DATASET EXTRACT Block Start
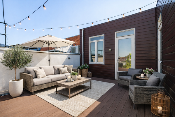 - Dakterras met voldoende ruimte voor een lounge- of eethoek en uitzicht over de groene binnentuinen – ideaal voor lange zomeravonden
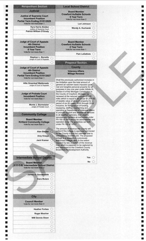 Home News SAMPLE BALLOT ~ NOVEMBER 5, 2024 GENERAL ELECTION by Laurie Stark Tuesday, September 24, 2024 SAMPLE BALLOT NOVEMBER 2024 ELECTION Link to this Article
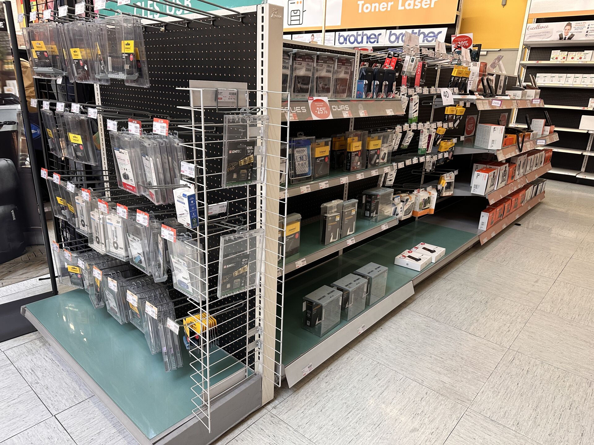Enlèvement les 19 et 20 Février 2026 de 9h à 17h , Frais de mise à disposition 50 € TTC : En tête d'une gondole, 1 stock de clés USB, câbles de charge, de 4 à 256Gb (environ 60 articles), Sur 2 modules de gondole, 1 stock de disques durs internes ou externes dont KINGSTON, VERBATIM, SEAGATE, EMTEC, INTENSO. De 256 Gb à 4 To (environ 20 articles) + 1 lot de cordons USB, chargeurs mobiles, bases de chargement téléphones, support téléphone auto, ...(environ 30 articles), Sur 2 modules de gondole, 1 stock de téléphones sans fil dont GIGASET et PANASONIC (environ 35 articles)
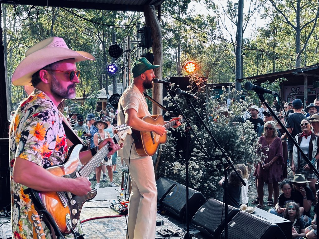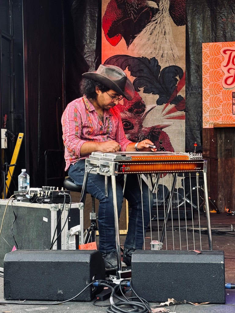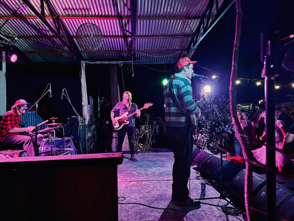 Day Three and everyone looks settled-in, familiar faces around each corner was they moved from food trucks to bars, market stalls to kids play areas. Weathered by sun and dust, ears abuzz from nearly 20 hours of music at this point. Even if one is feeling a tad worn out, that quickly changes as the music kicks into gear. Leroy MacQueen was an early revelation. With a punk irreverence and charm, they brilliantly channeled Orville Peck, Springsteen and Chris Isaak, with covers standing toe to toe with originals. David M. Western was another of the many Victorians that made the trek north and he showed why his album On, On & On is so damn good, rolling slacker sounds mixing jangle and twang, like Townes Van Zandt and MJ Lenderman covering Pavement songs. There are new recordings on the way too!
DATASET EXTRACT Block End
◆ WORK TO COMPLETE ◆
Starting with the first line of the data, transcribe every line exactly through the one containing "Enlèvement les 19". No pictures go in.

◆ SOLUTION ◆
 - Dakterras met voldoende ruimte voor een lounge- of eethoek en uitzicht over de groene binnentuinen – ideaal voor lange zomeravonden
 Home News SAMPLE BALLOT ~ NOVEMBER 5, 2024 GENERAL ELECTION by Laurie Stark Tuesday, September 24, 2024 SAMPLE BALLOT NOVEMBER 2024 ELECTION Link to this Article
Enlèvement les 19 et 20 Février 2026 de 9h à 17h , Frais de mise à disposition 50 € TTC : En tête d'une gondole, 1 stock de clés USB, câbles de charge, de 4 à 256Gb (environ 60 articles), Sur 2 modules de gondole, 1 stock de disques durs internes ou externes dont KINGSTON, VERBATIM, SEAGATE, EMTEC, INTENSO. De 256 Gb à 4 To (environ 20 articles) + 1 lot de cordons USB, chargeurs mobiles, bases de chargement téléphones, support téléphone auto, ...(environ 30 articles), Sur 2 modules de gondole, 1 stock de téléphones sans fil dont GIGASET et PANASONIC (environ 35 articles)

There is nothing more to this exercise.